- thread 1 (feeder): has a loop that feeds data into OpenCL and queues kernels
- thread 2 (consumer): waits for results and reads output data.
- an OpenCL Host command queue with out-of-order execution enabled
- what might be causing this?
- how to debug this on the Yocto platform?
I have attached a reproducer for this issue and the text output it produces. Attached: source code, output text from the program. Compiled with gcc gpu_issue.c -o gpu_issue -L ./opt/intel/opencl -LOpenCL
Note that there is no output after the call to map buffer 2. If I modify the code to select a CPU device then the call to map buffer 2 succeeds.
Thank you for your report, I can confirm this is a GPU driver problem.
We are looking into possible solutions for it, so it may be difficult to provide timeline for the fix at the moment.
In the meantime if you could provide more information about what do you want to accomplish, then I may be able to provide another solution for your use case.
Thanks for the information and the offer to help us find a way to work around the issue. Below is an outline of the processing constraints we need to satisfy.
Our system processes a real-time data stream on a very short time cycle (in the ms region) so low latency processing is as important as raw speed. To allow for varying processing latency we use multiple input and output buffers in a cyclic fashion.

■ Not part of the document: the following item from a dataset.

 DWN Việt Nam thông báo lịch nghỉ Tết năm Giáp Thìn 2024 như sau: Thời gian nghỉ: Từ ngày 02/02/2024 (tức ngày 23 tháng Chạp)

Also, on the OpenCL implementation used on another platform (ARM Mali) we found we could reduced latency by queueing tasks ahead and using the out-of-order queueing feature.

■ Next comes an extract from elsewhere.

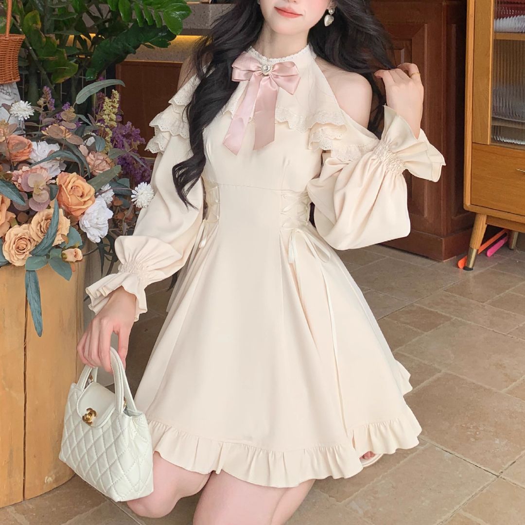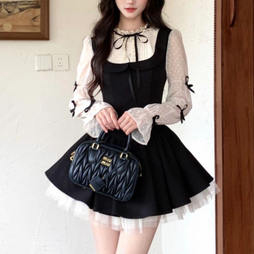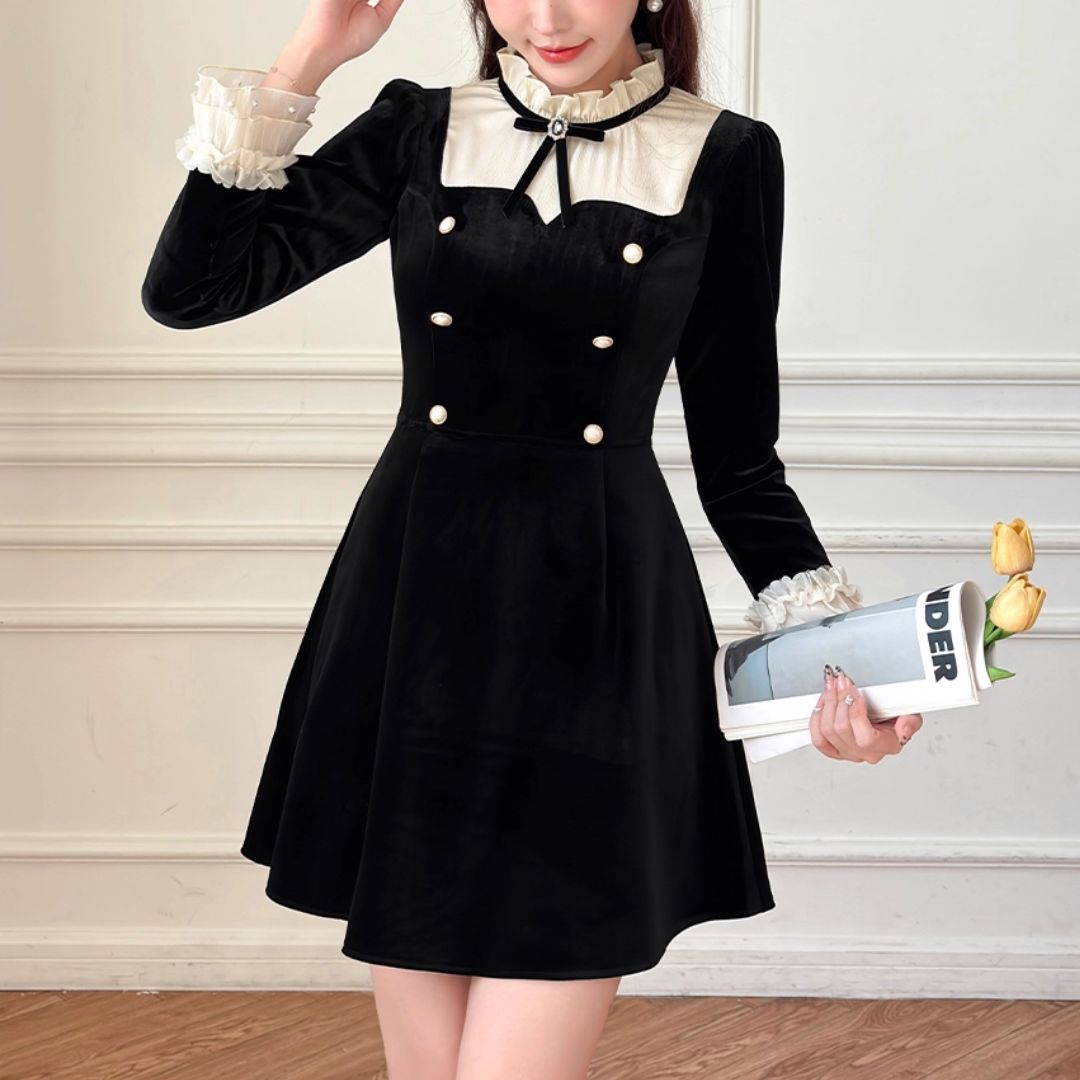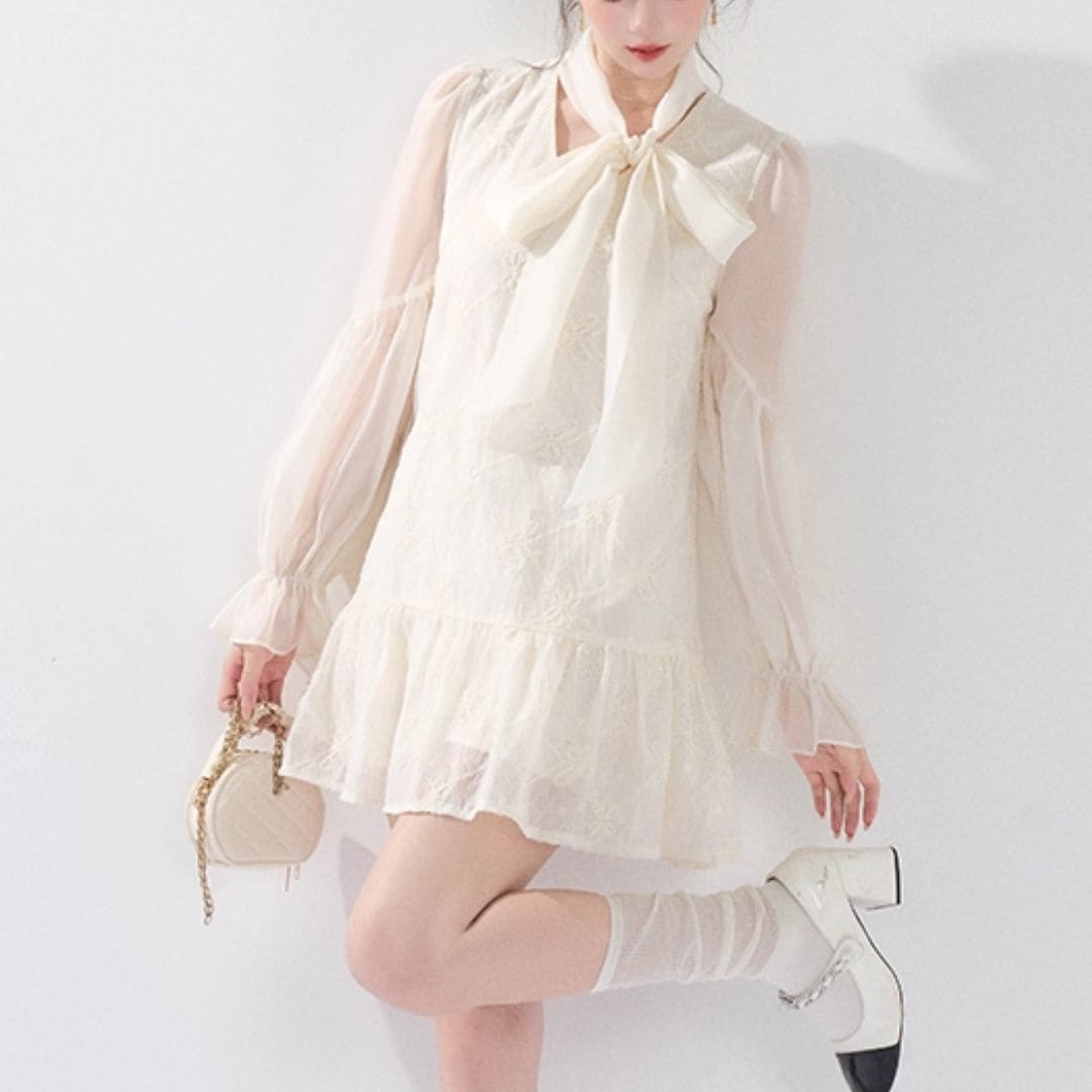 リボン柄ボウタイドッキングワンピース(NO.070812)

Would you be able to give us more information about the issue and what we must avoid doing?
What is happening in the code is that MapBuffer is called with blocking_flag set to True on an Out Of Order Queue.
There are no input events, so for the driver it means, map this buffer for me now, even if it may be in use by GPU, please confirm that this is expected.
If you want such access to buffer storage and synchronization is not needed, then you may have another out of order queue on which this MapBuffer operation will actually happen. Currently driver improperly waits for the blocked unMap operation to complete prior to servicing MapBuffer call, this wait shouldn't be present in out of order queue.
If you want to actually synchronize on the previous unMap call, then code should use events.
Thanks Michal. Yes, the map now is intended. Now that I understand what the issue is, I have been able reorder a couple of things to avoid this problem, so I have our application running on the GPU. Unfortunately, not fast enough though, but I'll open a new topic to ask for help on that.